- **Your assignment**
All the records that follow need to be reproduced exactly. Omit the images.

==== Supplied material

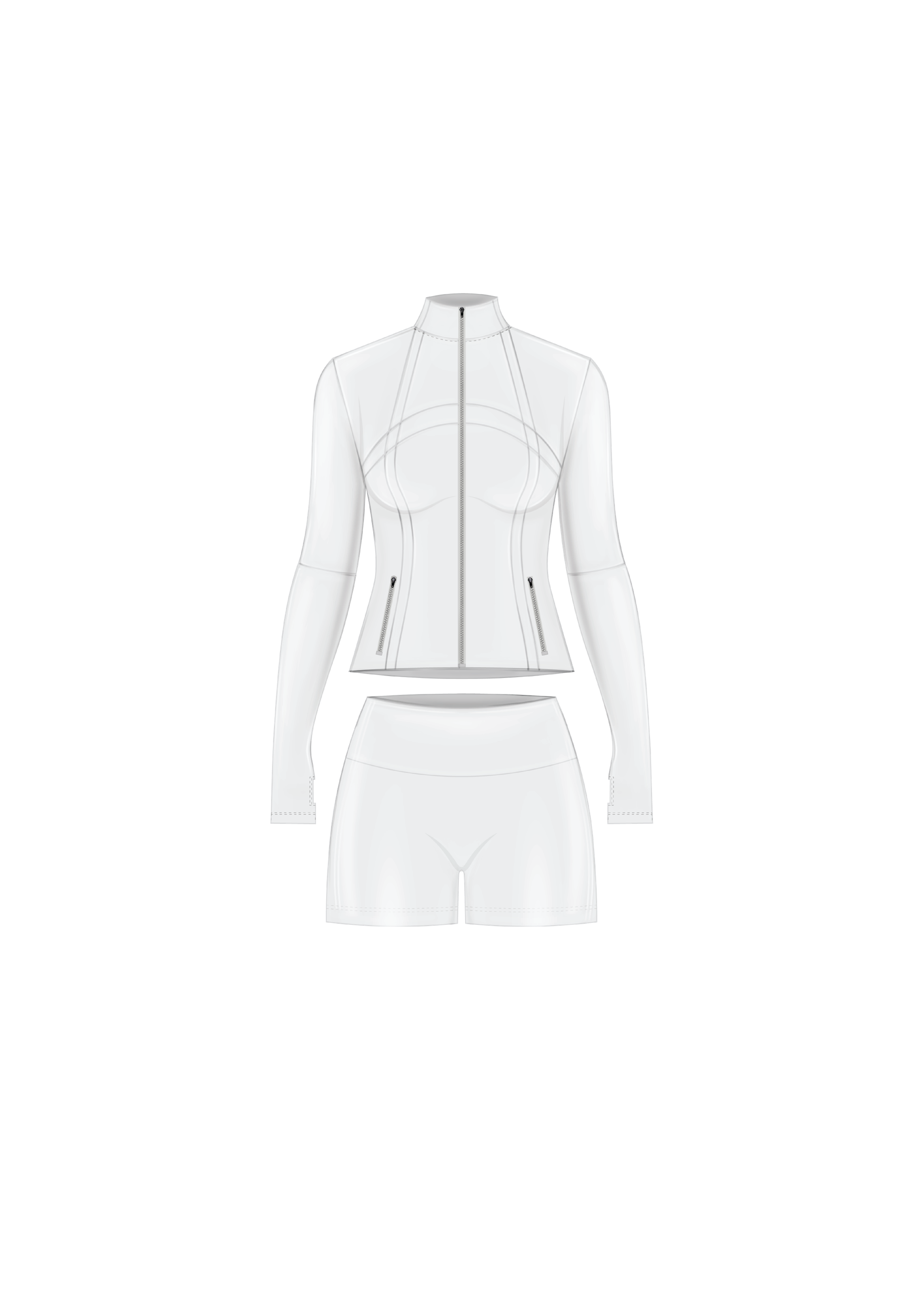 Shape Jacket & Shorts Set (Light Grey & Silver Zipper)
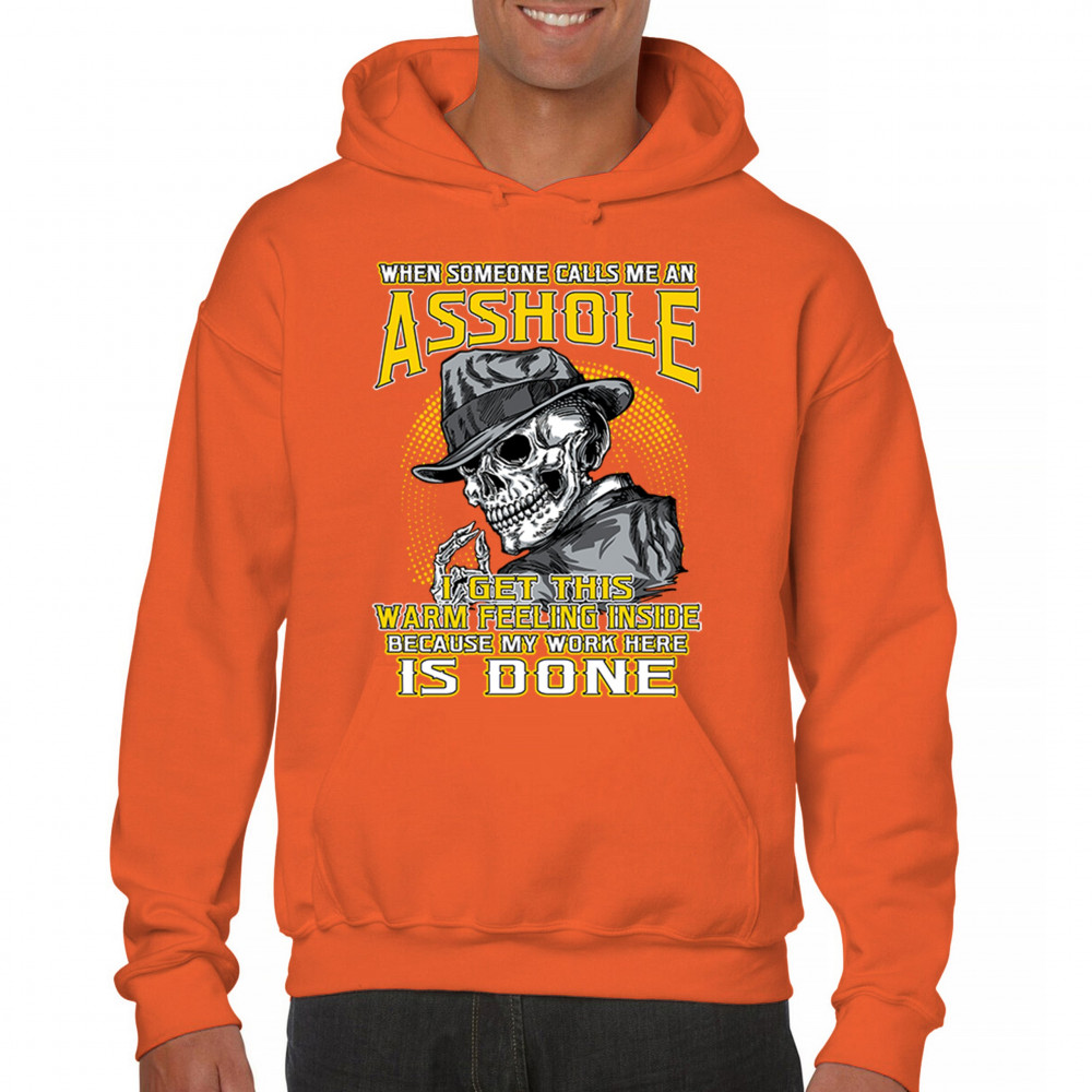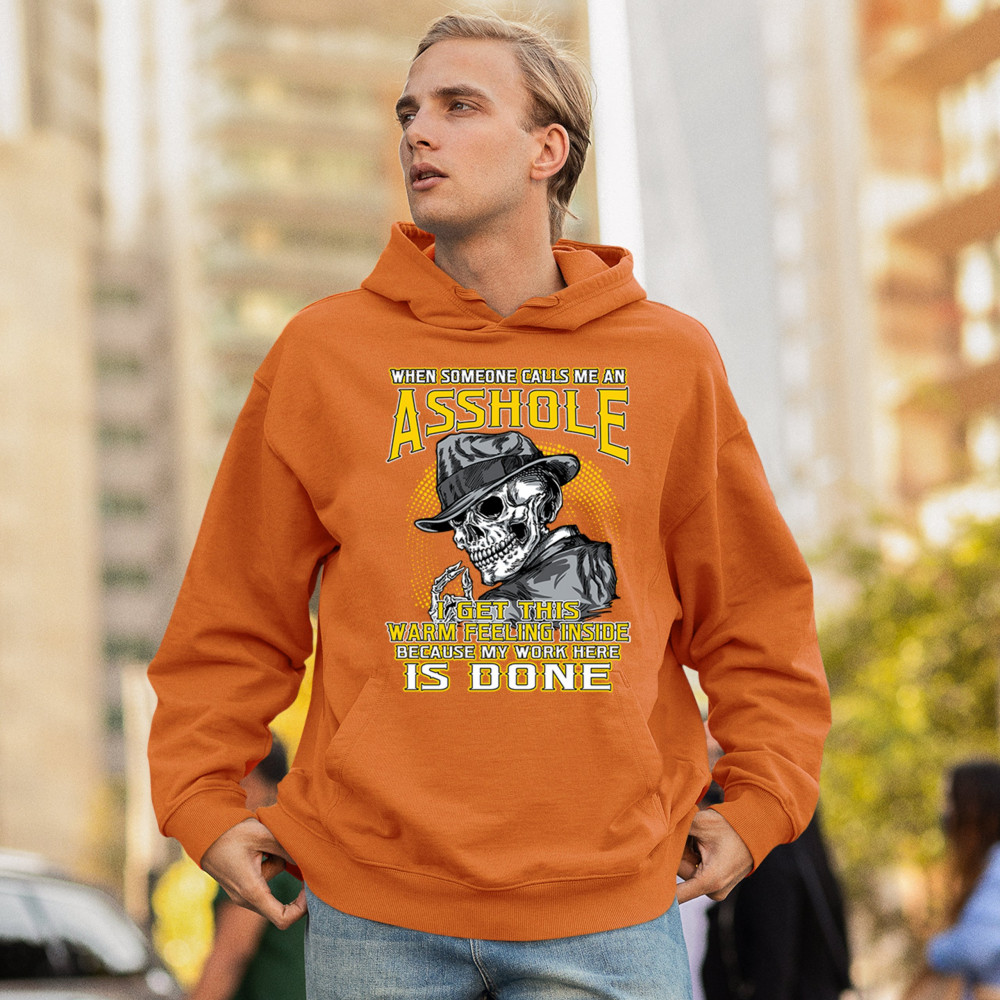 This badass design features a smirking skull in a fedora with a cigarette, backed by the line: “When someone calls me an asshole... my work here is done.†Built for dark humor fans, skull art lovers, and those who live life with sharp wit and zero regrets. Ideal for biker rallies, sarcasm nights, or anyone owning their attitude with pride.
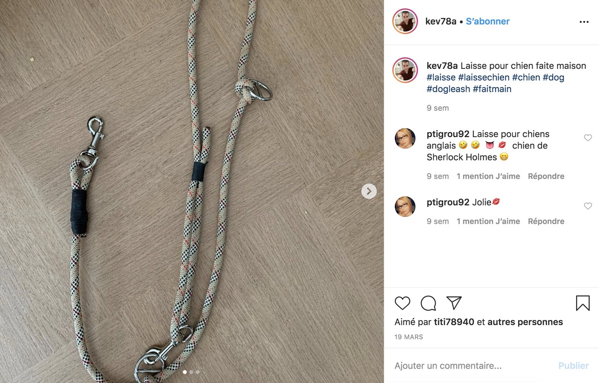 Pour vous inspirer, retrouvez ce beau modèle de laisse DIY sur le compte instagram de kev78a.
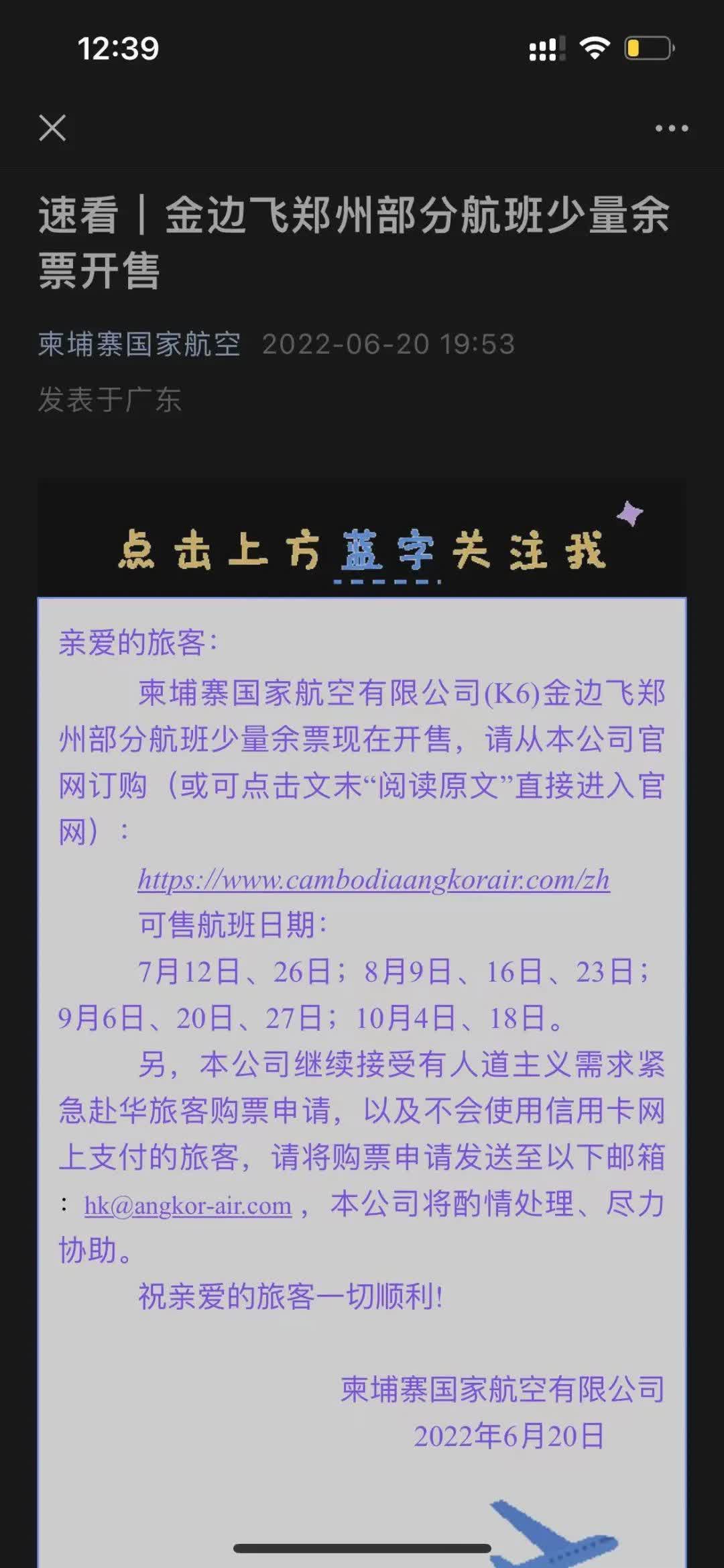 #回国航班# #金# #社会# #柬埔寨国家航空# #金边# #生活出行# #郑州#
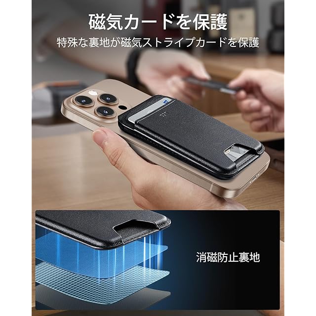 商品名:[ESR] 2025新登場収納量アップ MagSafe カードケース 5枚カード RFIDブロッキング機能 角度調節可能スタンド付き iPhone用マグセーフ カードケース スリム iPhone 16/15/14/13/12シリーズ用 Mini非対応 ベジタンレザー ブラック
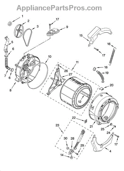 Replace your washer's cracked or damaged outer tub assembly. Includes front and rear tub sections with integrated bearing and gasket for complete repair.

========

- **Answer for the task**
 Shape Jacket & Shorts Set (Light Grey & Silver Zipper)
 This badass design features a smirking skull in a fedora with a cigarette, backed by the line: “When someone calls me an asshole... my work here is done.†Built for dark humor fans, skull art lovers, and those who live life with sharp wit and zero regrets. Ideal for biker rallies, sarcasm nights, or anyone owning their attitude with pride.
 Pour vous inspirer, retrouvez ce beau modèle de laisse DIY sur le compte instagram de kev78a.
 #回国航班# #金# #社会# #柬埔寨国家航空# #金边# #生活出行# #郑州#
 商品名:[ESR] 2025新登場収納量アップ MagSafe カードケース 5枚カード RFIDブロッキング機能 角度調節可能スタンド付き iPhone用マグセーフ カードケース スリム iPhone 16/15/14/13/12シリーズ用 Mini非対応 ベジタンレザー ブラック
 Replace your washer's cracked or damaged outer tub assembly. Includes front and rear tub sections with integrated bearing and gasket for complete repair.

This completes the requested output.